#### [Try it]
Write out each line of the listing as it stands, without the images.

#### [Data supplied]
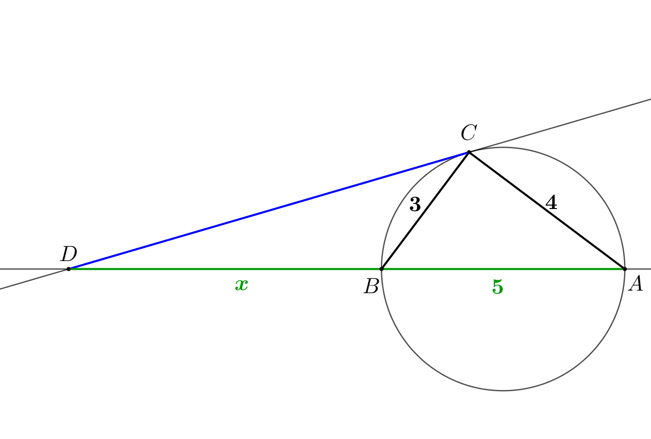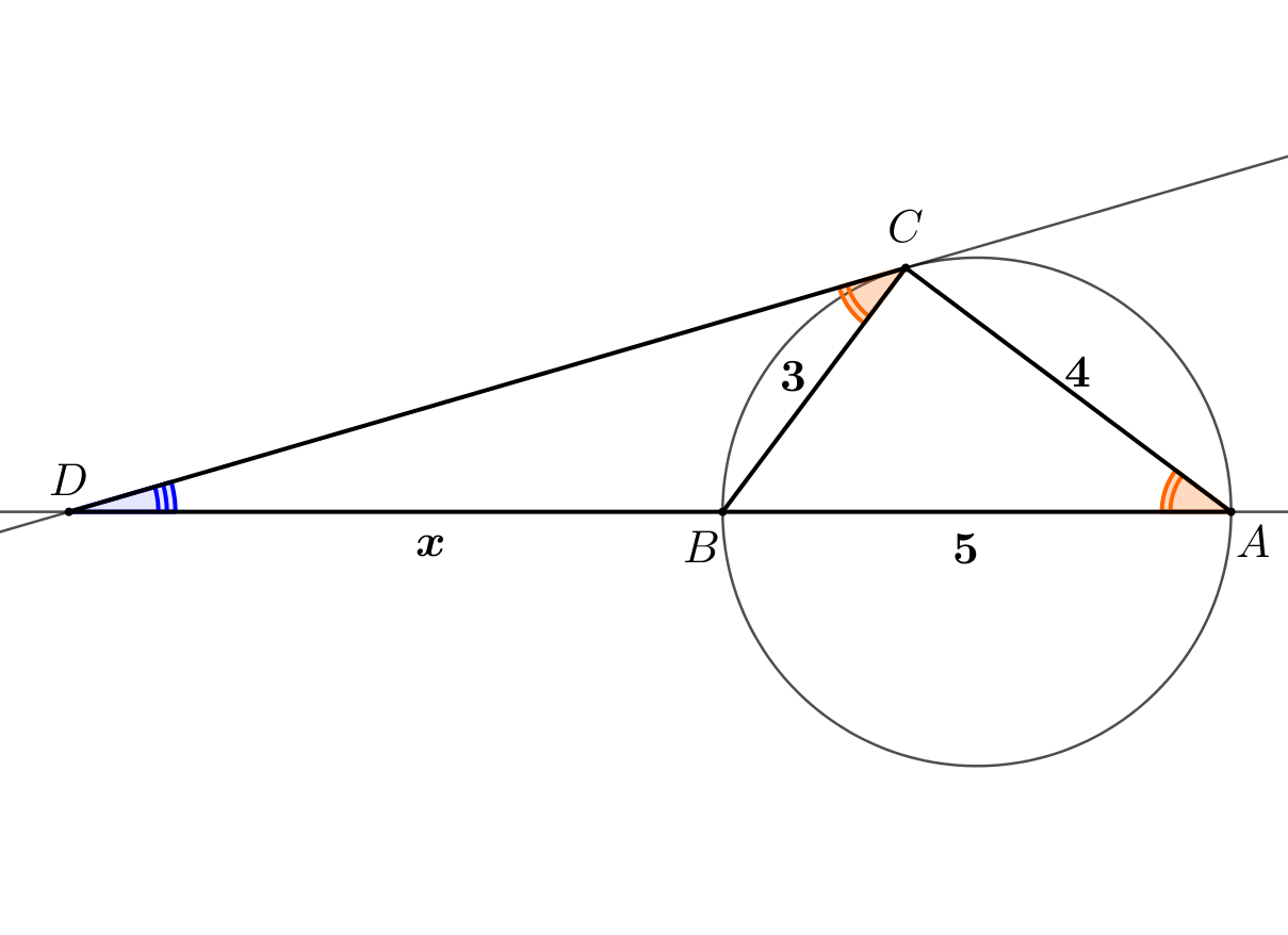 2. Установим еще одну зависимость между \(\displaystyle CD\) и \(\displaystyle x\small.\) Угол между хордой и касательной равен вписанному углу, опирающемуся на данную хорду: \(\displaystyle \angle DCB=\angle BAC\small.\) | ![]() |
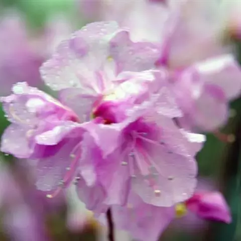 兴安杜鹃是杜鹃花科、杜鹃花属半常绿灌木,高可达2米,分枝多。叶片近革质,椭圆形或长圆形,…
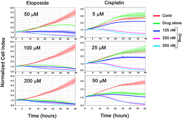 Figure 5: Synergistic effect of CL-43 and anti-cancer drugs. HCT-116 cells were incubated with CL-43 in concentrations 125, 250 and 500 nM in combination with etoposide (50, 100 or 200 μM) or with cisplatin (5, 25 or 50 μM) added to cell culture at the same time. Recording was started immediately after drug administration and lasted 40 h.
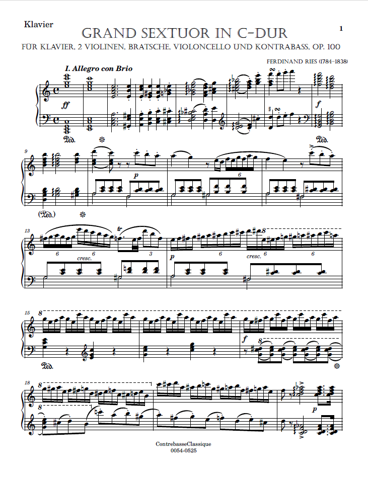 - Special features of this score: The piano writing of this Sextet is highly virtuosic. The string instruments maintain a supporting, accompanying function akin to an orchestral string section.
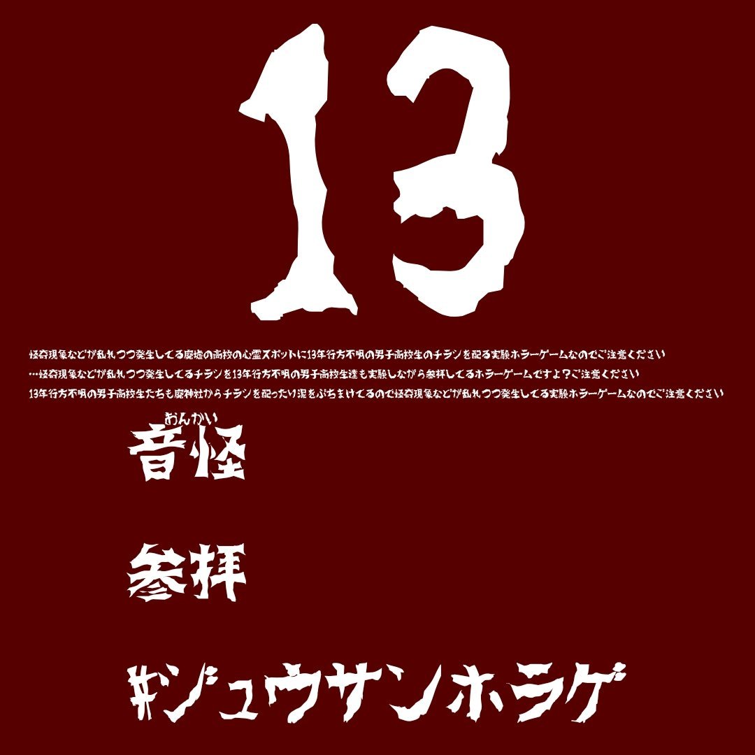 https://kakuyomu.jp/works/1681862217084752902713年行方不明の男子高校生たちも廃神社からチラシを配ったり泥をぶちまけてるので怪奇現象などが乱れつつ発生してる実験ホラーゲームなのでご注意くださいは、130のエピソードになってまして、キャッチコピーが、#ジュウサンホラゲ です
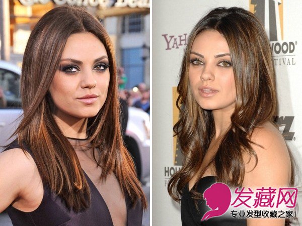 以Mila Kunis的咖啡发色再带点挑染,在经典中求变化,是不会太出错的发色范例。
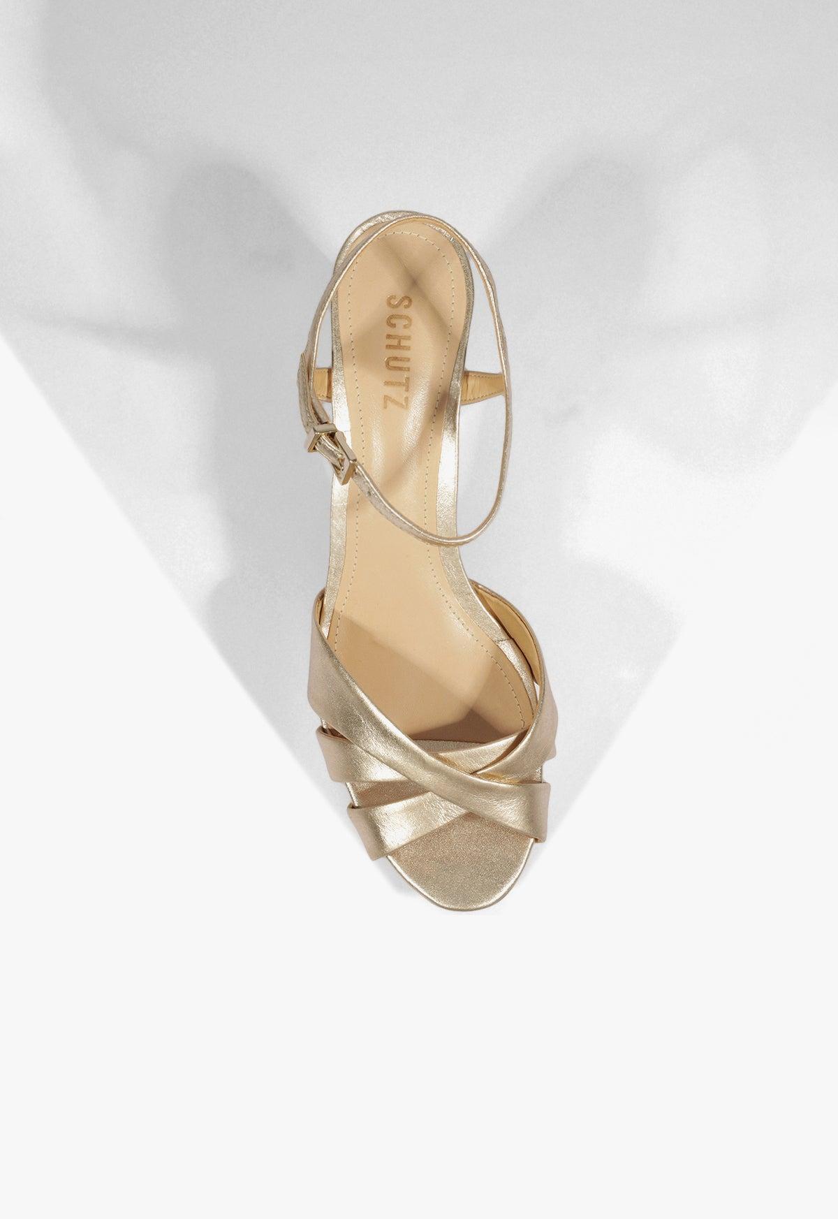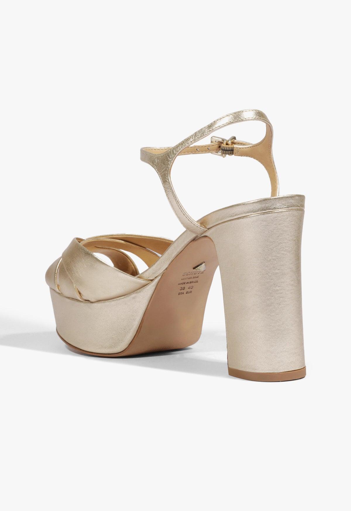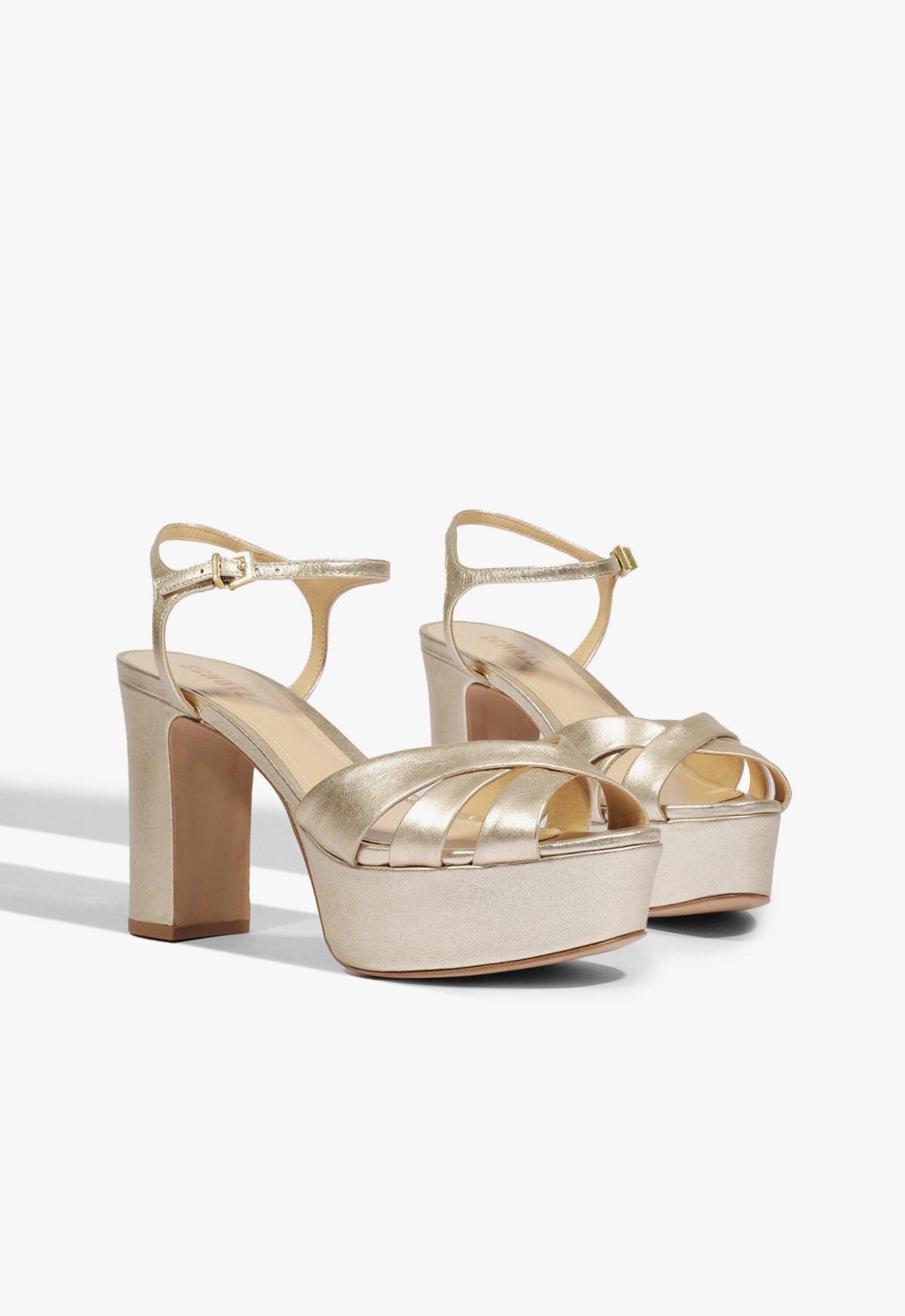 Experience mesmerizing disco glamour with the Keefa Sandal. Step out in style with the striking chunky high-heeled platform silhouette, enhanced by luxurious soft leather. Elevate your fashion with the elegant crisscross toe band, making this day-to-night sandal the epitome of chic sophistication. Materials: Metallic Leather | Cow leather lining | Cow leather outsole Rubber patch at the heel. Heel Type: High Heel Heel Style: Block Toe Style: Round toe Closure Style: Buckled Strap Platform Height: 40mm Heel Height: 4.1in | 105mm SKU: S2034600030038

#### [Output of the task]
 2. Установим еще одну зависимость между \(\displaystyle CD\) и \(\displaystyle x\small.\) Угол между хордой и касательной равен вписанному углу, опирающемуся на данную хорду: \(\displaystyle \angle DCB=\angle BAC\small.\) | ![]() |
 兴安杜鹃是杜鹃花科、杜鹃花属半常绿灌木,高可达2米,分枝多。叶片近革质,椭圆形或长圆形,…
 Figure 5: Synergistic effect of CL-43 and anti-cancer drugs. HCT-116 cells were incubated with CL-43 in concentrations 125, 250 and 500 nM in combination with etoposide (50, 100 or 200 μM) or with cisplatin (5, 25 or 50 μM) added to cell culture at the same time. Recording was started immediately after drug administration and lasted 40 h.
 - Special features of this score: The piano writing of this Sextet is highly virtuosic. The string instruments maintain a supporting, accompanying function akin to an orchestral string section.
 https://kakuyomu.jp/works/1681862217084752902713年行方不明の男子高校生たちも廃神社からチラシを配ったり泥をぶちまけてるので怪奇現象などが乱れつつ発生してる実験ホラーゲームなのでご注意くださいは、130のエピソードになってまして、キャッチコピーが、#ジュウサンホラゲ です
 以Mila Kunis的咖啡发色再带点挑染,在经典中求变化,是不会太出错的发色范例。
 Experience mesmerizing disco glamour with the Keefa Sandal. Step out in style with the striking chunky high-heeled platform silhouette, enhanced by luxurious soft leather. Elevate your fashion with the elegant crisscross toe band, making this day-to-night sandal the epitome of chic sophistication. Materials: Metallic Leather | Cow leather lining | Cow leather outsole Rubber patch at the heel. Heel Type: High Heel Heel Style: Block Toe Style: Round toe Closure Style: Buckled Strap Platform Height: 40mm Heel Height: 4.1in | 105mm SKU: S2034600030038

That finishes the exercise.